◆ **DATA EXCERPT**:
=== Begin Enclosure ===
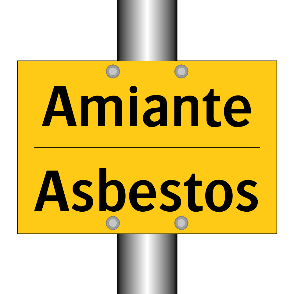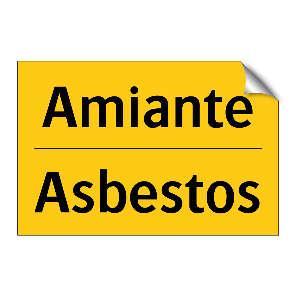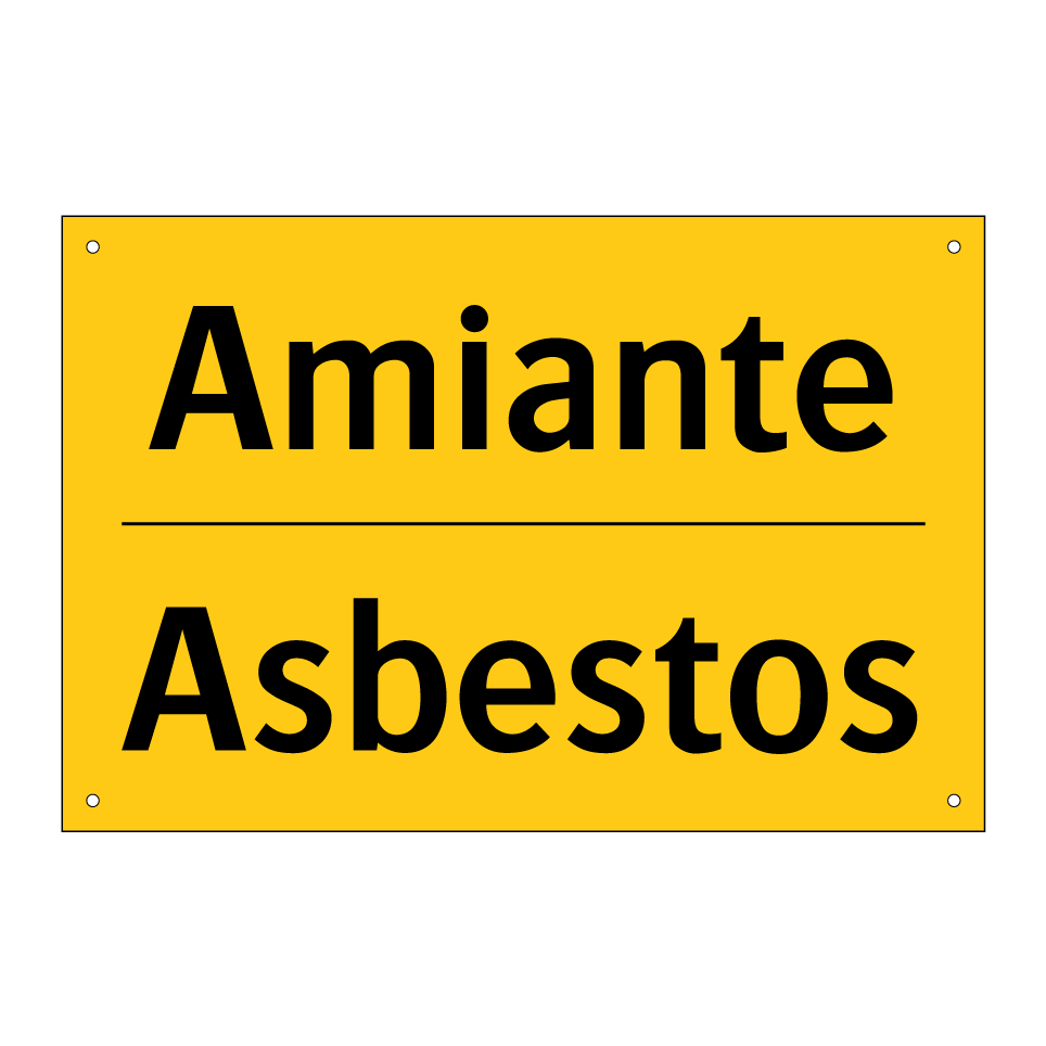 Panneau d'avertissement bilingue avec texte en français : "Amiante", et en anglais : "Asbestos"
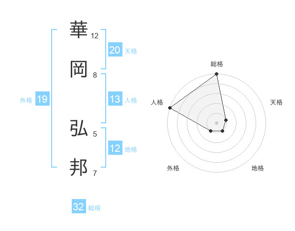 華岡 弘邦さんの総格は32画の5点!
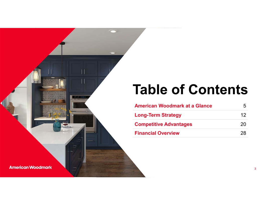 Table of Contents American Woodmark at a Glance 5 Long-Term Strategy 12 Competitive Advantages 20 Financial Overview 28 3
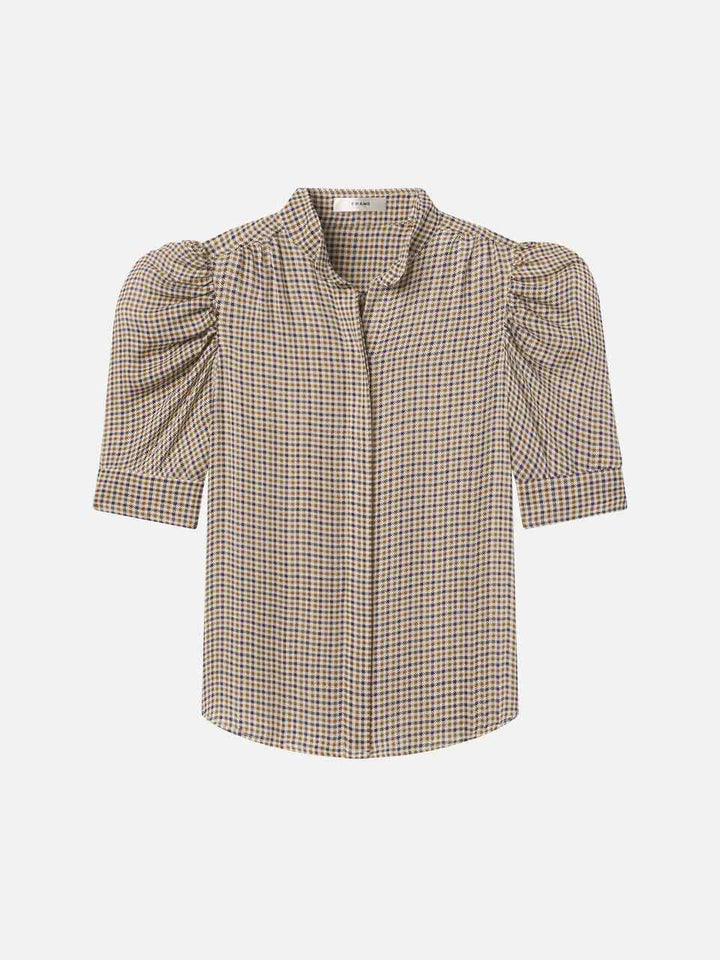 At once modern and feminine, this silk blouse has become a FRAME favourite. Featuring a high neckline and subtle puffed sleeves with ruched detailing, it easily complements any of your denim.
=== End Enclosure ===
◆ **EXERCISE OBJECTIVE**:
Your answer must be only the lines from the one that holds "華岡 弘邦さんの総格は32画の5点!" to the end of the listing, each restated word for word, with both ends kept and pictures left out.

◆ **EXERCISE SOLUTION**:
 華岡 弘邦さんの総格は32画の5点!
 Table of Contents American Woodmark at a Glance 5 Long-Term Strategy 12 Competitive Advantages 20 Financial Overview 28 3
 At once modern and feminine, this silk blouse has become a FRAME favourite. Featuring a high neckline and subtle puffed sleeves with ruched detailing, it easily complements any of your denim.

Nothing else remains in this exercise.